- [How to complete this task] Pull out every line from the line containing "Ganzzug VW-Golf |" through the end of the material, both ends included, and reproduce it exactly. Keep pictures out.

- [Data for the task]
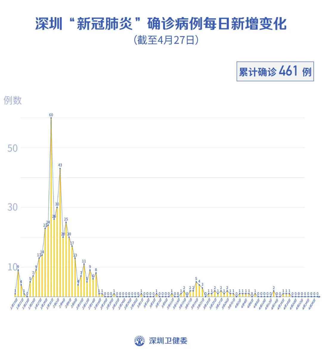 截至4月27日24時,深圳累計報告新冠肺炎病例461例。4月27日當(dāng)天新增無癥狀感染者1例,出院1例。
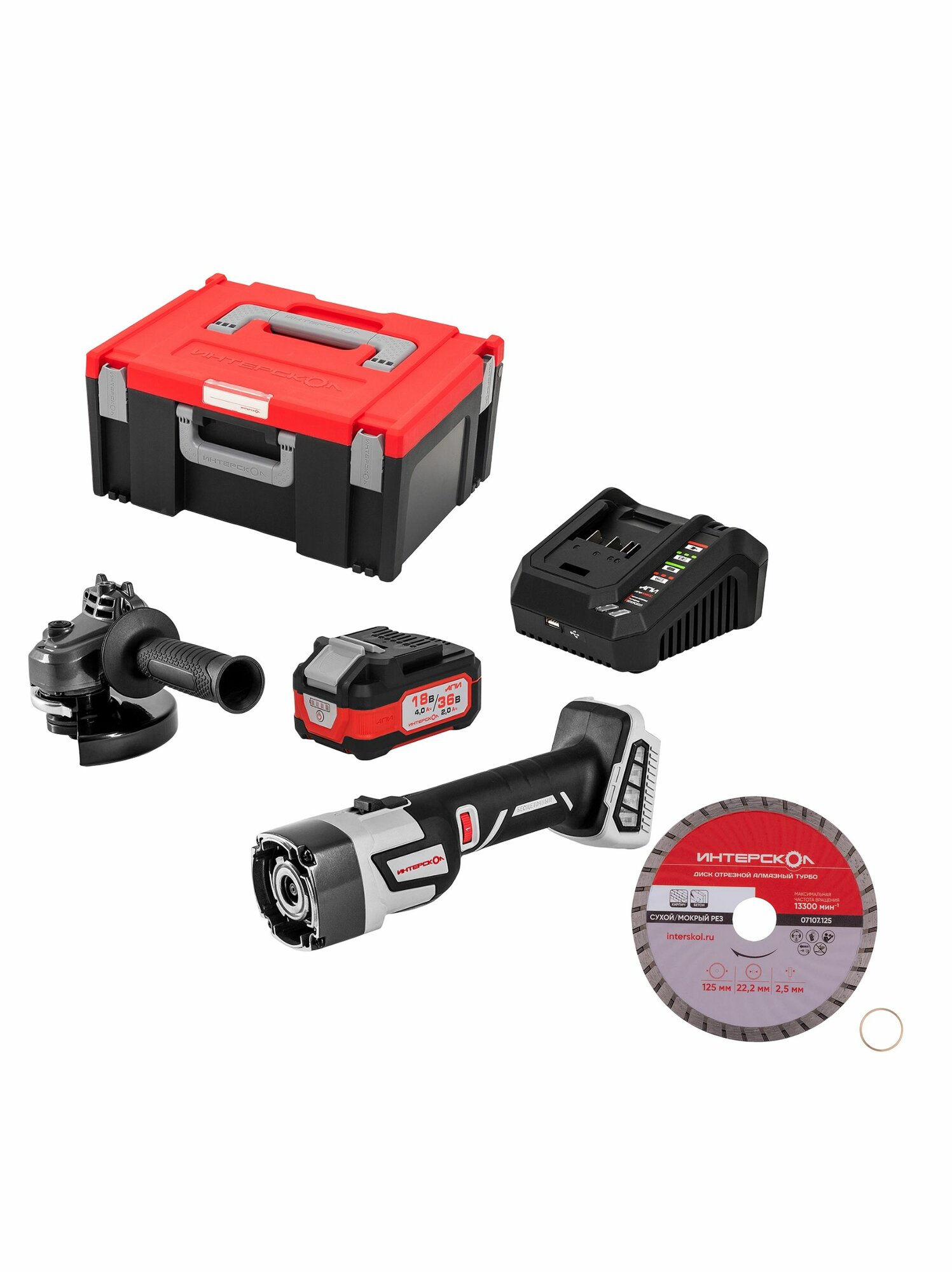 Аккумуляторная угловая шлифмашина ИНТЕРСКОЛ ушм-125/36ММ Мультимакс 36В, 125 мм, 8500 об/мин, с АКБ 2 Ач и ЗУ, в систейнере мультибокс 150 + Оснастка в подарок (900.4.1.42): сравнение цен, характеристики, фото, актуальное наличие и цены.
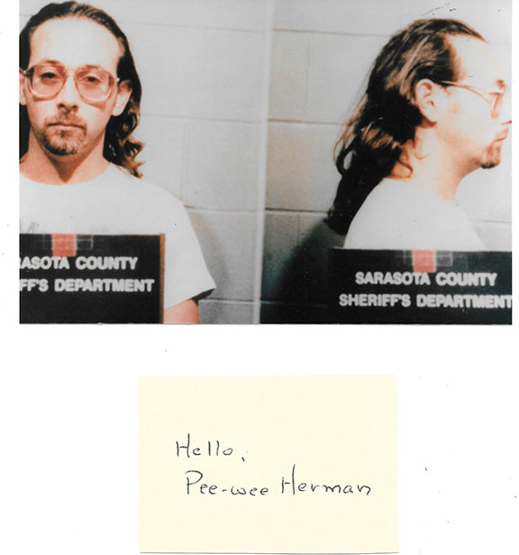 Pee-wee Herman (1952- ) Real name is Paul Ruebens an American actor, writer, film producer, game show host and comedian. He became an instant cult figure and earned a star on the Hollywood Walk of Fame (1989). He was arrested in Sarasota, Florida in 1991. He was caught masturbating during a film at an adult movie theater. In 2002 he was charged with possession of obscene material. On a manila card he has signed his name adding “Hello” in his hand. Together with a 4”x” color photograph of his mug shot taken after his arrest in the movie theater. The two.......... $25.00
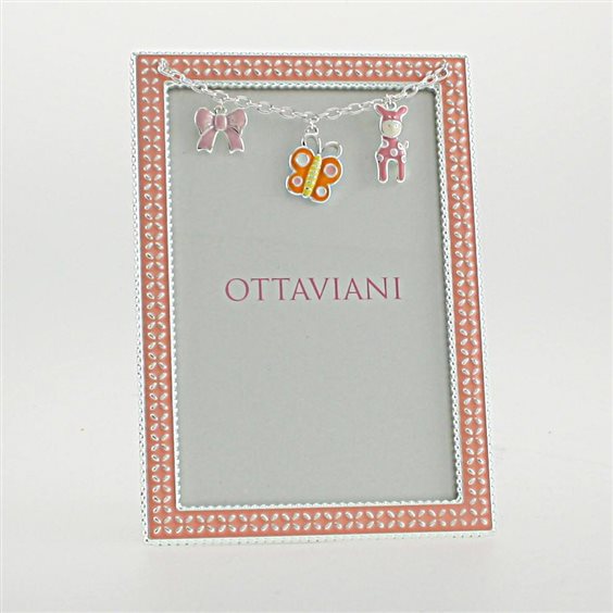 Cornice portafoto in metallo smaltato colore rosa pesca arricchita da una catenella con tre charms smaltati a forma di fiocco, farfalla e giraffa. Misura esterna cm 14x20 Misura interna cm 13x18
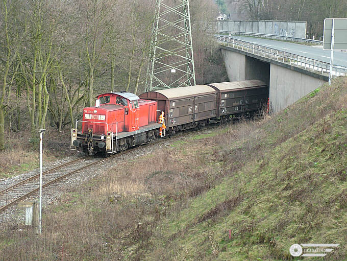 | Ungefähr bei km 12,0 zweigt das Gleis zum Anschluss auf der Ostseite ab. 17.03.2008 Zustand: Es sieht nach "stillgelegt" aus. 2009 Zustand abgebaut bis auf ein kurzes Teilstück. Heute nicht mehr vorstellbar: Ganze Autozüge hatten als Ziel Lintorf >>KLICK Ganzzug VW-Golf |
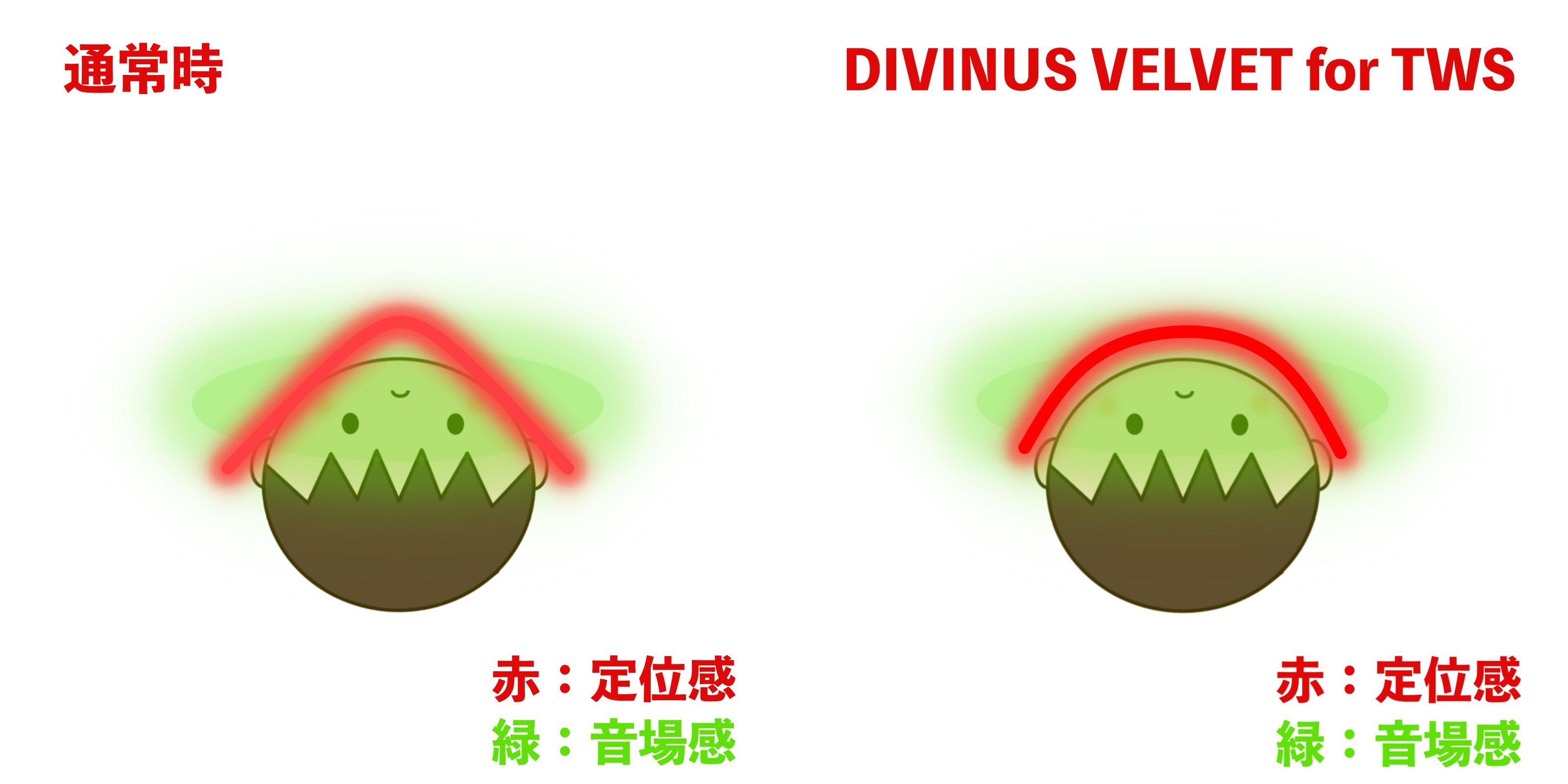 なんとなく音場も狭く感じる?って思ったのですが、どうも聴いていると狭くなったというより音場が楕円形から円形になったような均一な距離感にも感じられました。そのためか音の移動がとても滑らかに動く感じがします。顔の周りをぐるぐる回るような音の移動がより細かく感じられて、まるで画面のフレームレートが上がったかのような滑らかさを感じました。

- [Task response]
 | Ungefähr bei km 12,0 zweigt das Gleis zum Anschluss auf der Ostseite ab. 17.03.2008 Zustand: Es sieht nach "stillgelegt" aus. 2009 Zustand abgebaut bis auf ein kurzes Teilstück. Heute nicht mehr vorstellbar: Ganze Autozüge hatten als Ziel Lintorf >>KLICK Ganzzug VW-Golf |
 なんとなく音場も狭く感じる?って思ったのですが、どうも聴いていると狭くなったというより音場が楕円形から円形になったような均一な距離感にも感じられました。そのためか音の移動がとても滑らかに動く感じがします。顔の周りをぐるぐる回るような音の移動がより細かく感じられて、まるで画面のフレームレートが上がったかのような滑らかさを感じました。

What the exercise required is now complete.